Chansons pop parfaites

En 1990, Manchester règne en maître sur la planète pop, les Stone Roses et les Happy Mondays ont permis à la ville de rester dans la course après la pendaison du chanteur de Joy Division et la séparation des Smiths. Poursuivant le sillon creusé par New Order, faire danser une génération gavée d’ecstasy, le mouvement Madchester bat son plein et les suiveurs sont nombreux et aujourd’hui passablement oubliés (The Farm, Charlatans, Soup Dragons…).

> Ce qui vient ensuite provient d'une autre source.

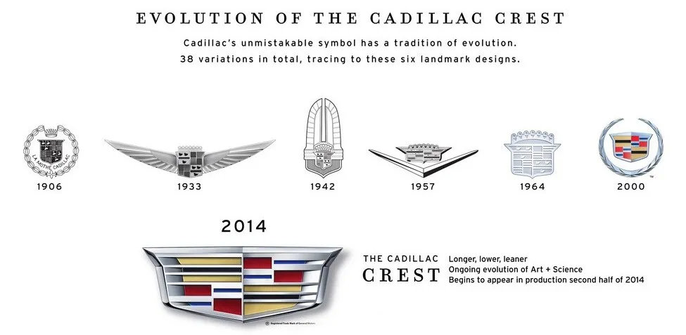 虽然作为创始人之一的利兰离开了凯迪拉克,但在随后的100多年时间中,凯迪拉克并没有因此停下脚步,设计出了无数流芳百世的经典车型。而凯迪拉克的Logo截止到今天,也进行了大大小小共计38次修改,直至2014年最后一次修改,王冠和花环全部消失,唯有这个象征着凯迪拉克家族的盾牌被保留了下来。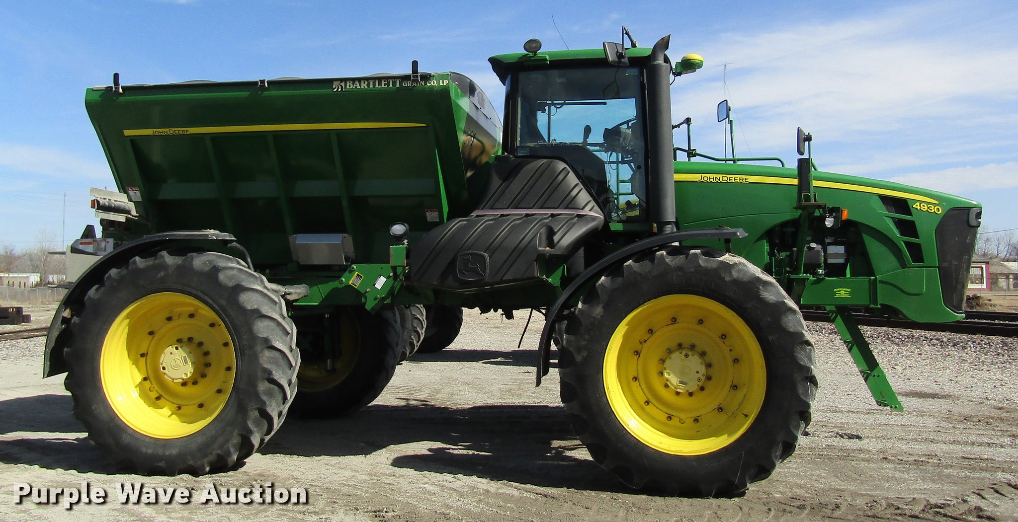 2011 John Deere 4930 self-propelled dry spreader applicator. 3,897 engine hours on meter, John Deere six cylinder turbo diesel engine, Hydrostatic transmission, Four wheel drive, AC and heat, AM/FM, Air suspension seat, StarFire iTC GPS receiver, Spray controls, Traction control, GreenStar ready, New Leader L3030G4-11 stainless steel dry fertilizer spreader bed Roll tarp, Hydraulic ladder, Fenders, 620/70R46 tires, CB not included, Serial 1N04930XLB0013593, Unit# 44. See Build Sheet for more information. View repairs. View industrial tires in this auction. Bartlett Grain Company. 725 S Main St. Carrollton, MO 64633

Hors du temps, hors des modes, un drôle de gaillard va venir replacer Liverpool, la voisine rivale, sur la carte de la pop, le temps d’un album parfait, The La’s. Un petit tour et puis il s’en ira, incapable de donner une suite à cette série de chansons ouvragée à l’ancienne.

Fan absolu des Stones, Kinks, Beatles et des Who, Lee Mavers, le leader des La’s, veut un enregistrement qui sonne comme dans les sixties. Il épuise plusieurs producteurs, fait traîner la sortie du disque. Finalement, quand celui-ci débarque, Mavers déclare qu’il ne faut pas l’acheter, que c’est une merde technologique. Evidemment, il est le seul à entendre de la technologie dans cet album au son intemporel. Il suffit d’écouter les Happy Mondays pour s’apercevoir, malheureusement, combien leur son a vieilli aujourd’hui alors que les La’s sonnent en 2016 comme en 1990, comme en 1965.

Obnubilé par l’idée de réenregistrer son disque, il oublie de créer de nouvelles chansons et à part une série de prestations live assez minables il y a quelques années, il parait qu’il erre dans les rues de Liverpool, bouffé par l’alcool et qu’il ressemble à Yasser Arafat (mort ou vivant, on ne sait pas !).

Bref, toujours est-il que quelques membres de son groupe, lassés de l’attendre, s’en iront former Cast et grossir les rangs de la Brit-Pop.

Un critique de rock génial et lucide a déclaré il y a quelques mois qu’il y a plus dans l’unique album des La’s que dans tout Oasis. Evidemment, il avait tort. Il y a mieux encore, aucune traces de gras, aucun morceau s’étirant dans des solos inutiles, aucune pose crâneuse et légèrement stupide. Par contre, il y a la même coupe de cheveux.

Avec There She Goes, les La’s reprennent les choses là où les Byrds les avaient laissées en 1965 avec Mr Tambourine Man, arpèges mirifiques, mélodie légère, concision.

Arrivés trop tôt, coincés entre le mouvement Madchester et l’arrivée du Grunge, les La’s ne profiteront pas du mouvement Brit-Pop qui envahira les charts à partir de 1993 (Suede, Blur, Oasis, Pulp et d’autres…). Dommage pour eux.